As a youth, my family and I occasionally visited friends at their apartment with windows overlooking a busy El. In fact, you could practically
reach out and touch the subway trains passing to and fro. It was the Number 4
line to be precise. And the apartment dwellers in question lived in a walk-up at the
intersection of Jerome Avenue and East Gun Hill Road—where west meets east. That
is, where the West Bronx ends and the East Bronx begins. The address was
actually not too far from where I grew up in Kingsbridge.

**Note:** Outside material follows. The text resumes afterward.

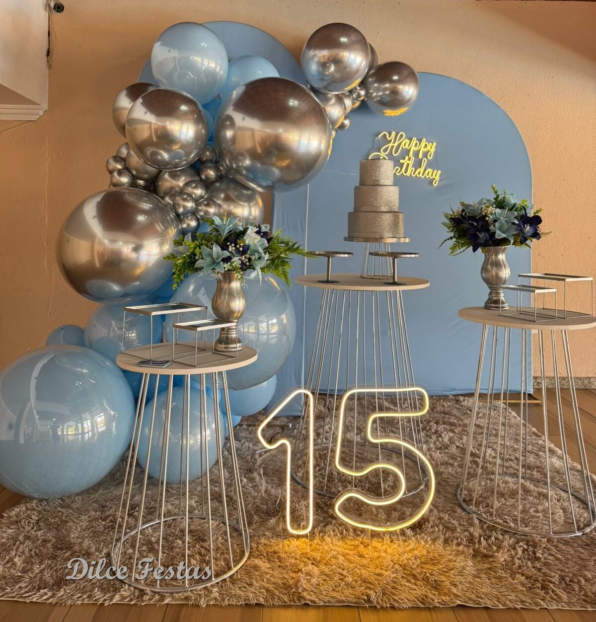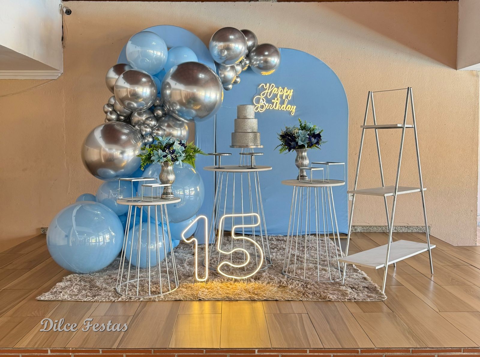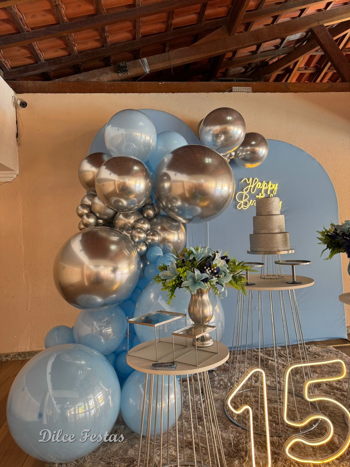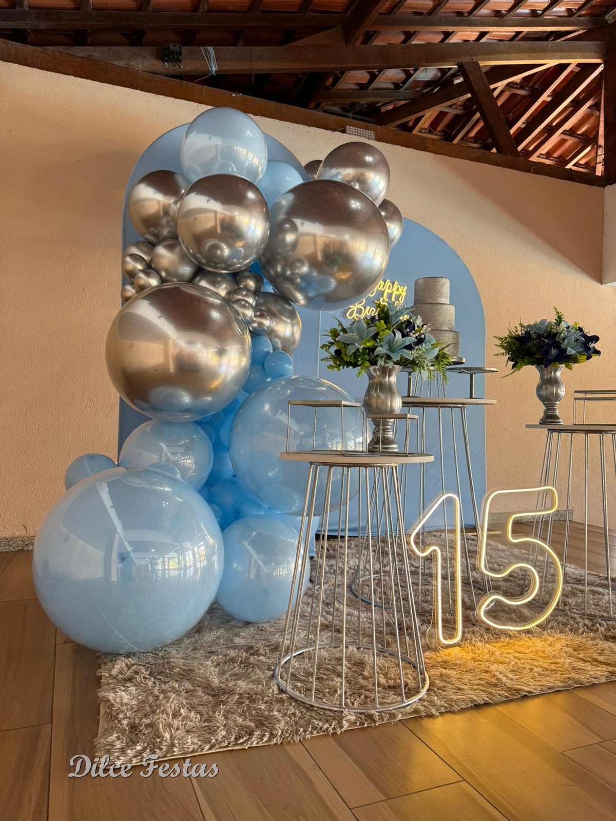 15 Anos – Adulto – Azul Claro E Prata – Trabalho em Balões com Arco Orgânico

It was only a ten-minute
drive, yet it seemed like a different world altogether.
For a kid who liked both playing with and riding on trains, I
considered this apartment the absolute coolest place a person could live.
Watching subway traffic at all hours from a bedroom window perch was akin—from my
ten-year-old perspective—to an urban paradise. Now, more than forty years
later, I can better understand why people might prefer to live someplace else.
Residing in eye- and earshot of a heavily-trafficked
El would typically be considered less desirable living quarters than someplace
off-the-beaten trail—like a block away. But the times they are a-changin’ in New York. Recently, I stumbled upon a rather large sign at W242nd Street and Broadway that advertised luxury apartments. During its building stage, rumors swirled that the completed edifice would be dormitories for my alma mater, nearby Manhattan College. What an awful location for college kids to burn the midnight oil
studying for exams, I thought then, not to mention for sleeping off a Natural Light Beer binge. With trains coming and going at that very spot all day and all night long, it’s a never-ending story
of metal-on-metal screeching, earsplitting horn blowing, and—the pièce de ré·sis·tance—air-brake
sighing when the Number 1 train comes home to roost. "Luxury,” it would seem, is in the eye and ear of the beholder.
If nothing else, they are "close to transportation."
And close to sprawling Van Cortlandt Park, too.Every time there is a heavy rain, Tibbetts Brook "daylights" itself in the park.
In barbecue territory...
It's that time of year around this part of the Bronx. On weekends, buses become trains.
The luxury apartments will have a bird's-eye view of this sort of thing on a regular basis.
As a youthful passenger in my father's automobile, I remember requesting with a certain yanking hand-gesture that truck drivers blow their loud horns. The luxury apartment dwellers can mime something similar to passing train operators.
There once was a time when Dunkin' Donuts was "worth the trip." That is, pretty scarce and hard to find. Not so anymore.
An empty Natural Light beer can—a Jasper's preferred brew.
Groundbreaking at the college for its future state-of-the-art "South Campus." This locale once hosted a house on it that was owned by boxer Sugar Ray Robinson. When I attended Manhattan College, the house was still there and called Farrell Hall. For a reason that now escapes me, I visited Farrell Hall on one occasion.
Springtime on Broadway. A couple of days ago, I wore my winter jacket.
Today it's close to ninety degrees.
Tony Riverdale's haphazard building through the years would have made Ayn Rand proud.
When "The Century" building in Riverdale first opened, there was no covering on its tennis courts. For a summer or two, the woods surrounding it supplied us with bag loads of free tennis balls for our stickball games.
Stickball games that, by the way, were played down this block at John F. Kennedy High School. The school was built on land that previously housed an area we all knew as "Shanty Town."
"That's a fancy-looking apartment building over there. I wonder how much an apartment is?"
Elevated subway tracks were once the rage, even in Manhattan. Now, only the Number 1 train—and briefly at that—daylights itself in the northernmost reaches of the borough.
I grew up with the El on nearby Broadway. I waited for my "Special" bus, which took me to high school in the East Bronx, under the El. I enjoyed a snow cone at Woolworth's in the shadows of the El. It was an evocative area institution for sure. Nowadays, however, I can better appreciate the quieter and cleaner benefits of an underground railroad.